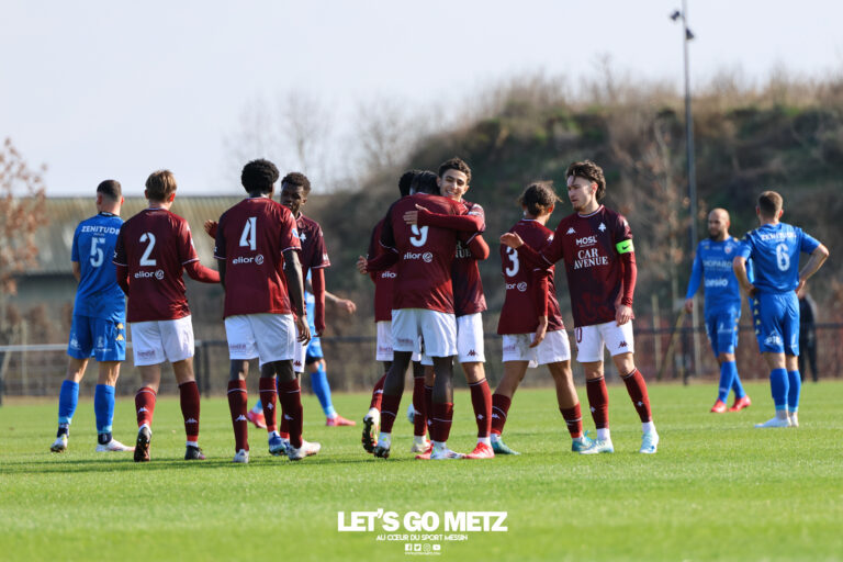 1,4K Face au Racing Besançon, leader du groupe avant cette journée, le FC Metz s’est battu, a souffert, mais remporte finalement une victoire très précieuse. Les Messins commençaient le match de la meilleure des manières : Bahri, décalé à gauche, dosait parfaitement sa passe pour Joseph Mangondo, et le néo-professionnel crucifiait le portier bisontin pour ouvrir la marque (1-0, 2e). Les Grenats avaient été bien inspirés de prendre de l’avance, car la suite était particulièrement difficile. Besançon impressionnait par son jeu de passes courtes, tout en mouvement, de dédoublements et de combinaisons. Dans le but messin, Luca Pausé devait faire des miracles pour que son équipe conserve l’avantage : il bloquait d’abord une tentative manquant de force (4e) ; se couchait promptement sur une autre (8e) ; remportait brillamment un duel face à Hattab (15e) ; repoussait un tir à bout portant (27e) ; déviait en corner une frappe puissante qui prenait la direction de son petit filet (29e). Joseph Mangondo a marqué les deux buts de la rencontre. Photo : Stephan Weyrath/LGM. Les joueurs de Christophe Delmotte pliaient mais ne rompaient pas ; mieux, ils tentaient de placer quelques contre-attaques. Un tir de Sané était arrêté (30e) et, sur l’action suivante, le Sénégalais était contré et Bahri fouettait le ballon qui traînait à l’entrée de la surface, sans succès (31e). La troisième tentative était la bonne : un long dégagement de Divialle Corbière trouvait Mangondo qui filait battre Pillot (2-0, 32e). Juste avant la pause, c’est Benjamin Nduquidi qui, d’un tacle rageur, empêchait Hattab de se présenter seul face à Pausé. Bien que dominés, les Messins étaient tout heureux de rentrer aux vestiaires nantis de deux buts d’avance. Le Racing Besançon ne tient pas le rythme Les Grenats s’apprêtaient à souffrir encore durant le second acte. En réalité, le rythme était moins enlevé, les Bisontins extériorisaient de plus en plus leur frustration et commettaient davantage d’erreurs techniques. Le jeu était plus équilibré, à une frappe non cadrée de Bahri (52e) répondaient de dangereuses balles en profondeur sur lesquelles Pausé anticipait bien (54e, 57e). Finalement, les Doubistes étaient tenus à distance du but messin et leurs tirs de loin restaient sans danger (80e, 95e). FC Metz 2 – Racing Besançon : 2-0 Buts : Mangondo (2e, 32e) Composition du FC Metz : Pausé, Mélières (Lohei, 66e), Hiessler, B. Nduquidi, Divialle Corbière, Dos Santos, Touré, Guerti, Bahri (Duarte, 77e), Mangondo (Namatane, 77e), Sané (Mladjao, 65e). Photo : Stephan Weyrath/LGM.
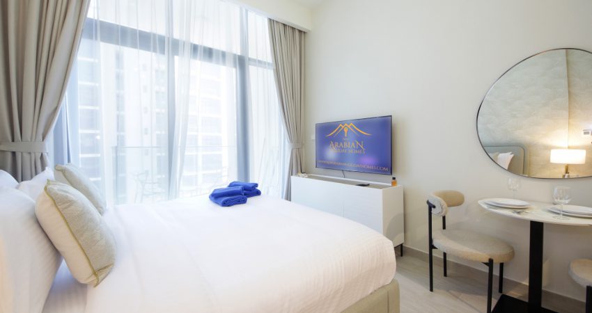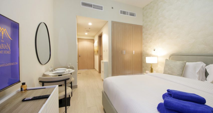 This fully furnished studio apartment by New Arabian Holiday Homes is perfect for solo travelers or small families. With a scenic balcony offering pool views, it combines comfort and convenience in a prime location.
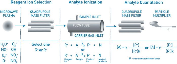 SIFT–MS uses soft, precisely controlled chemical ionization, coupled with mass spectrometric detection (Figure 1), to rapidly quantify VOCs to low part-per-trillion concentrations by volume (pptv). Eight chemical ionization agents (reagent ions) are now available in commercial SIFT–MS instruments: H3O+, NO+, O2+, O-, O2-, OH-, NO2-, and NO3- (19). These reagent ions react with VOCs and inorganic gases in well controlled ion-molecule reactions, but they do not react with the major components of air (N2, O2, and Ar). This enables SIFT–MS to analyze air at trace and ultra-trace levels without pre-concentration.
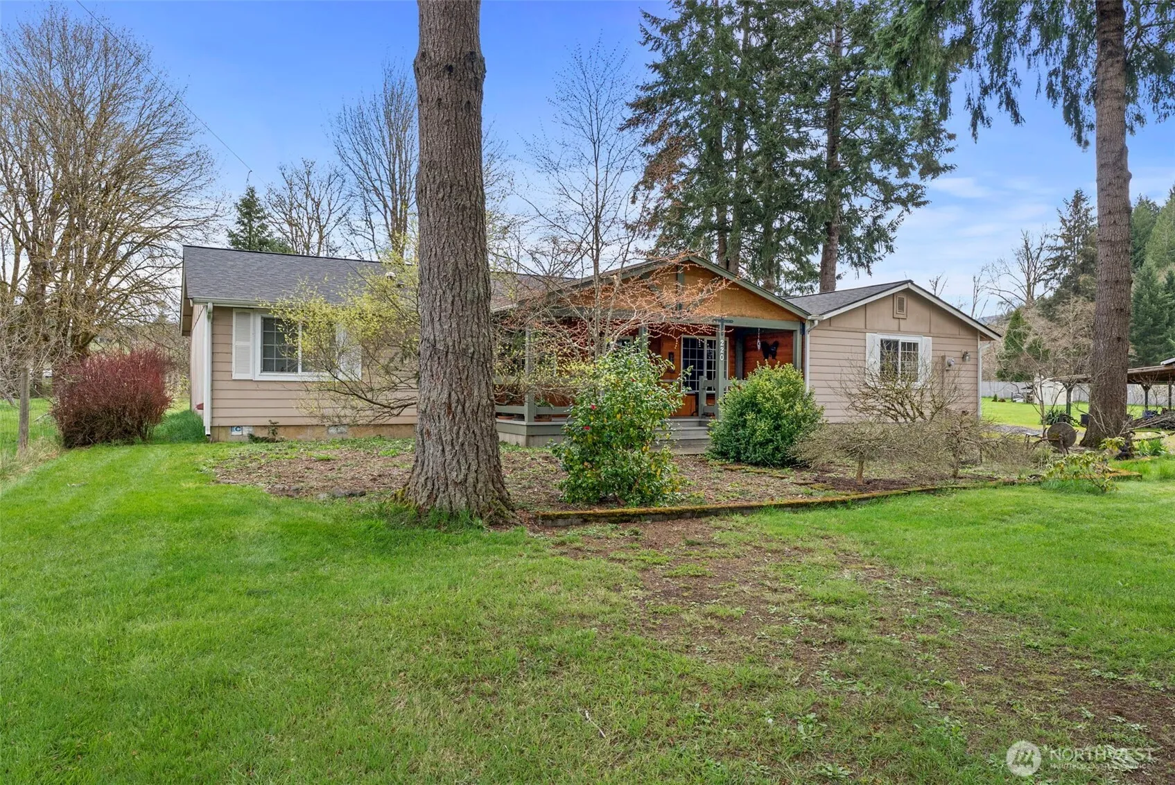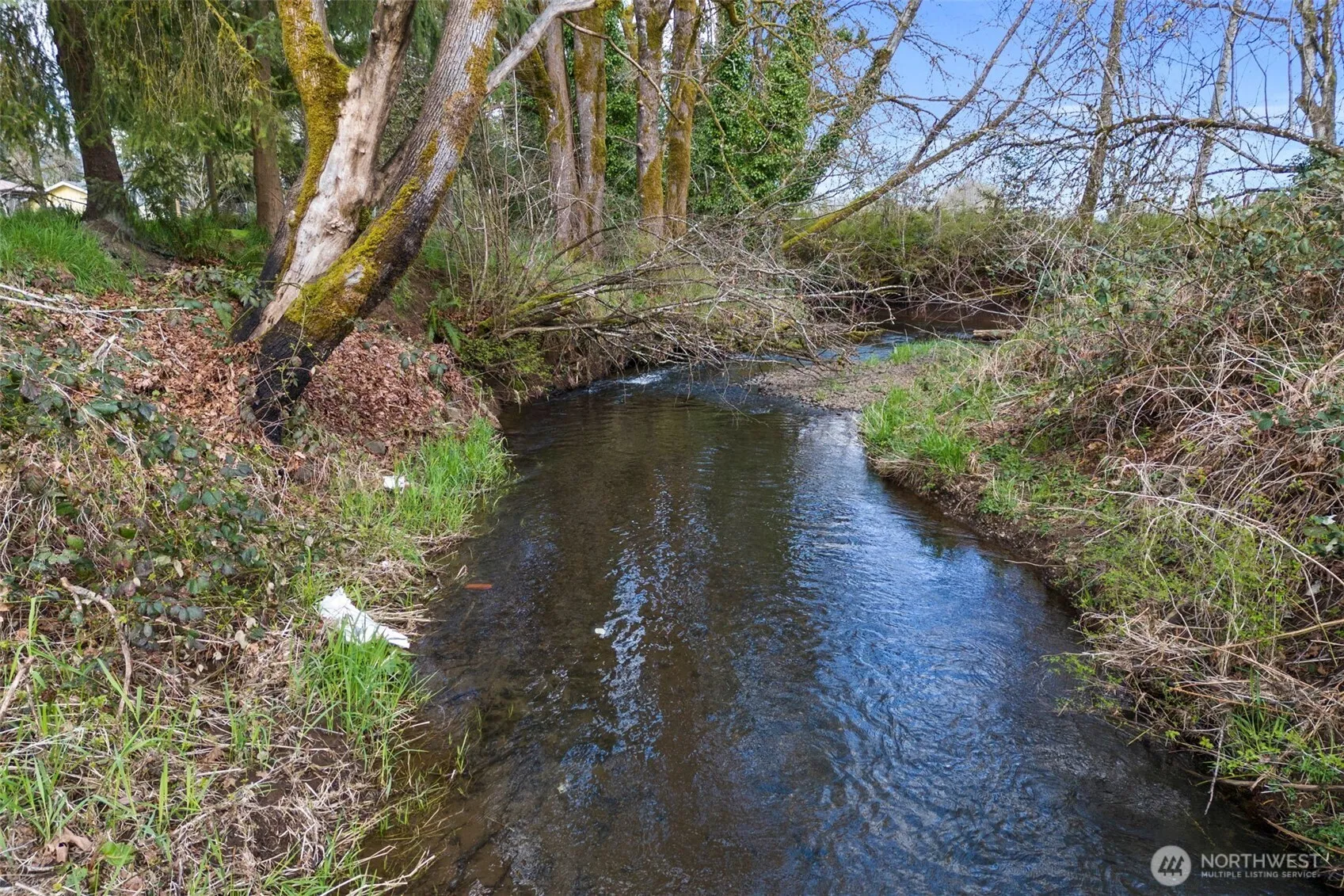 1700+ SQ FT HOUSE. BIG SHOP WITH BATH. LARGE LOT ON CREEK. What more could you want? This well maintained 3 bedroom, 2 bath home is on a large lot with beautiful Stowe Creek in the backyard. No flooding. There is plenty of shop space and covered parking areas for all your toys and hobbies. It has an attached 2 car garage, a 1200 sq ft shop w/220 power, and RV parking. Part of the shop could easily be made into an ADU. It has a propane heater and 3/4 bath already installed. The front yard has large fir trees and mature landscaping that lead you to a beautiful, front porch lined with locally milled old growth fir lumber. The back yard w/patio faces the creek with a high bank. It is level with a mature apple tree and garden space.
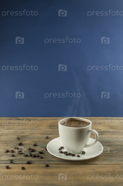 Чашка кофе с жареными бобами на деревянном столе
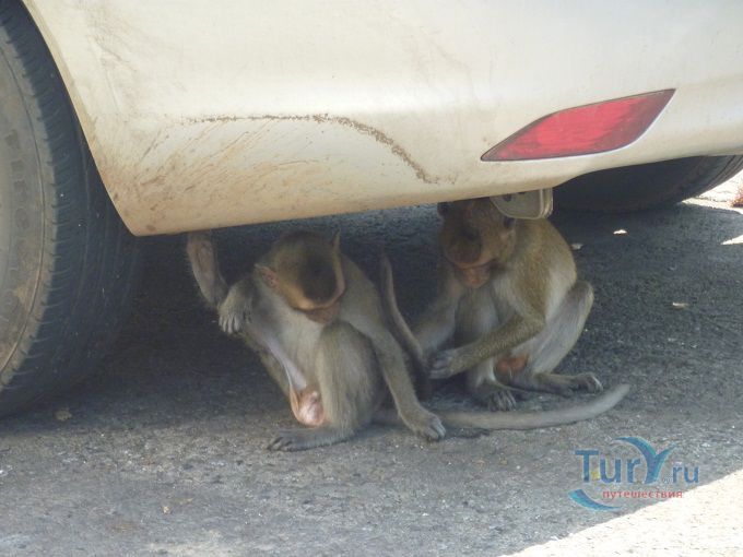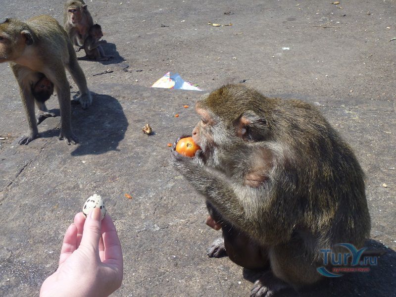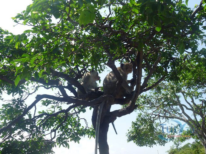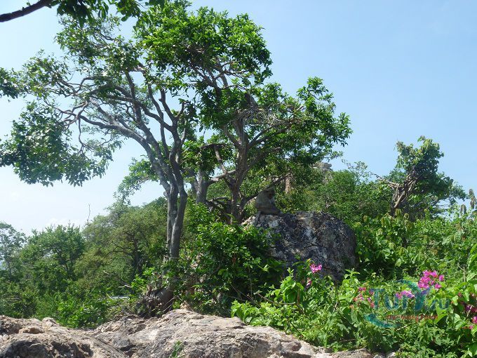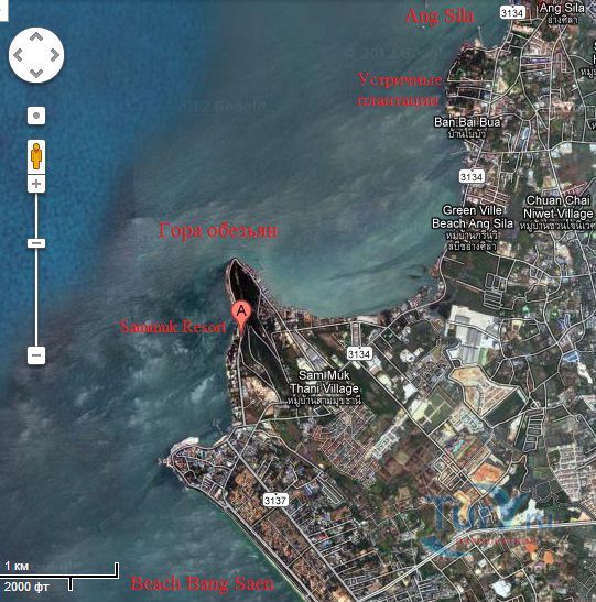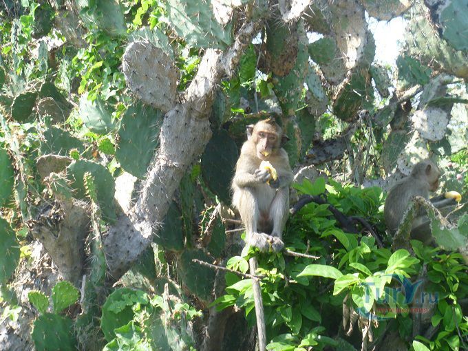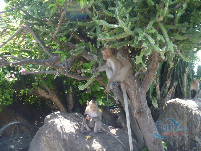 В Банг Саене есть несколько интересных достопримечательностей: одна из них - Гора обезьян, где живут несколько семейств обезьян и люди специально приезжают туда, чтобы покормить этих забавных животных прямо с рук. Гора обезьян - это небольшой лесистый холм выступающий в море на 800 м с обрывистым скатом со стороны моря, расположенный между деревней Анг Сила и пляжем Банг Саен, вокруг которого по берегу и на который поднимается асфальтированная дорога. Скала, возвышающаяся над морем открывает завораживающий вид на залив, особенно на закате солнца и давно стала туристическим местом. Наверху горы обустроена обзорная площадка с которой можно любоваться на город и залив. Первые коренные обитатели Горы встречаются уже у подножия холма и «собрав орехово-бананную дань» пропускают выше. А впереди уже маячат новые. Кроме диких обезьян, на горе есть красивый сад кактусов. Экскурсия сюда незабываема. Выходящих из автобуса туристов окружают обезьянки и как на ярмарке выбирают предложенные лакомства. Фрукты, орехи, помидоры, арахис, перепелиные яйца и другие угощения для обезьян можно купить прямо на горе, но в Паттайе фрукты и орехи дешевле. Будьте осторожны при кормлении, так как эти обезьянки — дикие животные и могут укусить, поцарапать или выхватить из рук не только еду, но и личные вещи и убежать на деревья. Некоторые, вероятно, сытые особи равнодушны к проявляемому к ним вниманию, позволяют себя фотографировать, но не трогать - угрожающе зашипит и покажет свои клыки. Иногда можно увидеть, как одни обезьяны отбирают угощение у соплеменников и пока не наедятся — других не подпускают, а те покорно ждут: «обезьяньи касты или кланы». Кто у кого научился: они у людей или «Человек Разумный» у обезьян? Самки сидят на ветках с детёнышами и очень ловко лазают по деревьям. Местные жители со своими детками тоже ходят сюда кормить обезьян. Асфальтированная смотровая площадка хотя и открывает красивый вид на залив в сторону Банг Саена с одной стороны и на деревушку Анг Сила с другой, но не является высшей точкой Горы. Вверх ведёт неухоженная ступенчатая тропа. А на самом верху беседка со скамеечками, статуя Будды. С этой заброшенной point see view открывался обзор на всё побережье, включая красивый вид на Банг Саен, море, устричные морские плантации Анг Сила. Путешествие проходит под шум ветра и концерт тропических цикад!
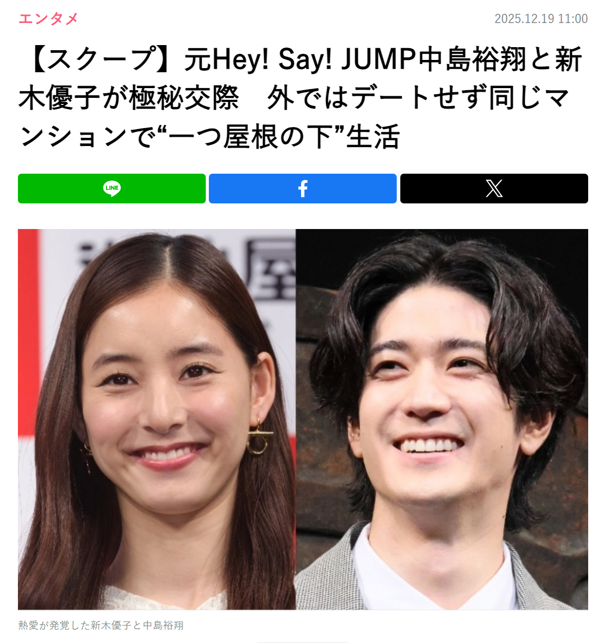 中国娱乐网讯 www.yule.com.cn 据日本杂志《NEWS POST SEVEN》12月19日报道,今年8月退出Hey! Say! JUMP的中岛裕翔(32岁)正与同龄女演员新木优子认真交往,关系被描述为“以结婚为目的”。报道称,新木优子已于2025年夏前搬入中岛所住公寓的不同楼层,处于“楼上楼下”的半同居状态。
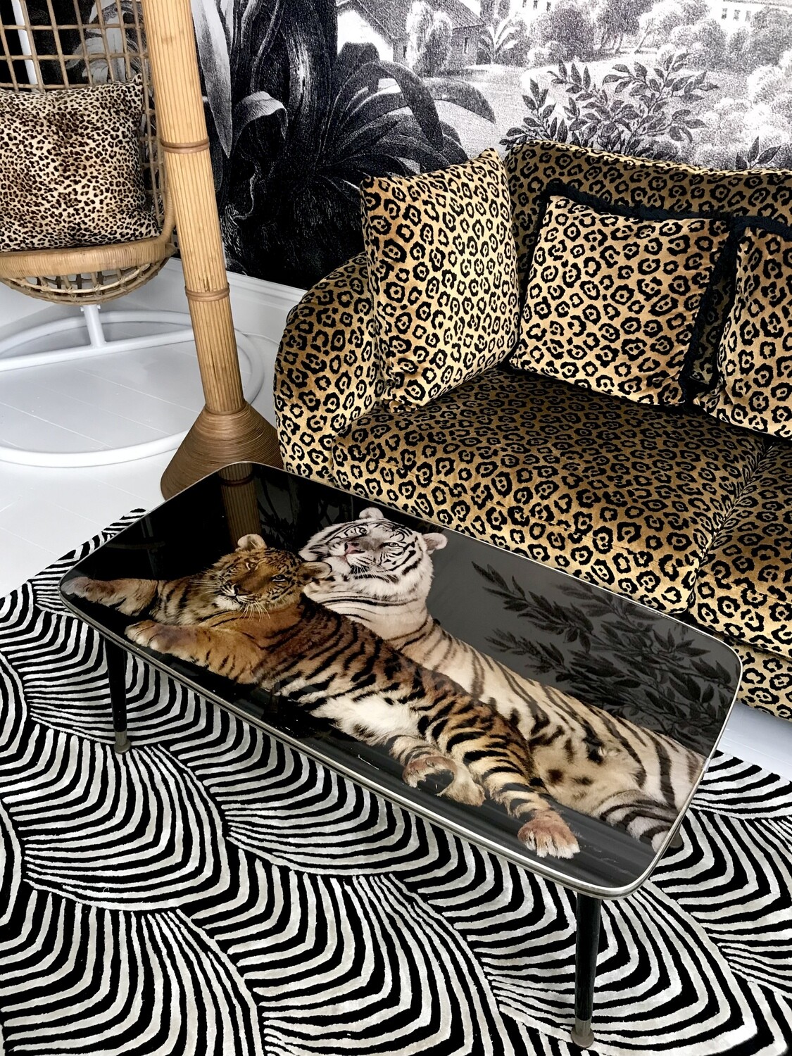 Mid Century 1960’s Bengal tigers dansette legs glass large coffee table 17”x39”. Unseen before super kitsch roaringly good picture under glass top, large statement wild decor piece. A pair of reclining Bengal Tigers looking very superior on a black background. Decorative trim to this wooden table with original black dansette legs and brass metal feet. Fantastic condition heavyweight and sturdy. The image has a slight rippling to the paper which runs fully across the design, giving a textured effect, only seen at a certain angle. The glass surface is in an amazing condition with its chrome and black detail edging fully intact. It really is a cool show stopper piece, large enough for four people to eat around or have cocktails. H 43cm W 99cm D 49cm. Collection DE12 or courier options

Directions for this task: Leaving out every picture, copy exactly the lines from the one that contains "中国娱乐网讯 www.yule.com.cn 据日本杂志《NEWS" through the end of the entries above.

Task output:
 中国娱乐网讯 www.yule.com.cn 据日本杂志《NEWS POST SEVEN》12月19日报道,今年8月退出Hey! Say! JUMP的中岛裕翔(32岁)正与同龄女演员新木优子认真交往,关系被描述为“以结婚为目的”。报道称,新木优子已于2025年夏前搬入中岛所住公寓的不同楼层,处于“楼上楼下”的半同居状态。
 Mid Century 1960’s Bengal tigers dansette legs glass large coffee table 17”x39”. Unseen before super kitsch roaringly good picture under glass top, large statement wild decor piece. A pair of reclining Bengal Tigers looking very superior on a black background. Decorative trim to this wooden table with original black dansette legs and brass metal feet. Fantastic condition heavyweight and sturdy. The image has a slight rippling to the paper which runs fully across the design, giving a textured effect, only seen at a certain angle. The glass surface is in an amazing condition with its chrome and black detail edging fully intact. It really is a cool show stopper piece, large enough for four people to eat around or have cocktails. H 43cm W 99cm D 49cm. Collection DE12 or courier options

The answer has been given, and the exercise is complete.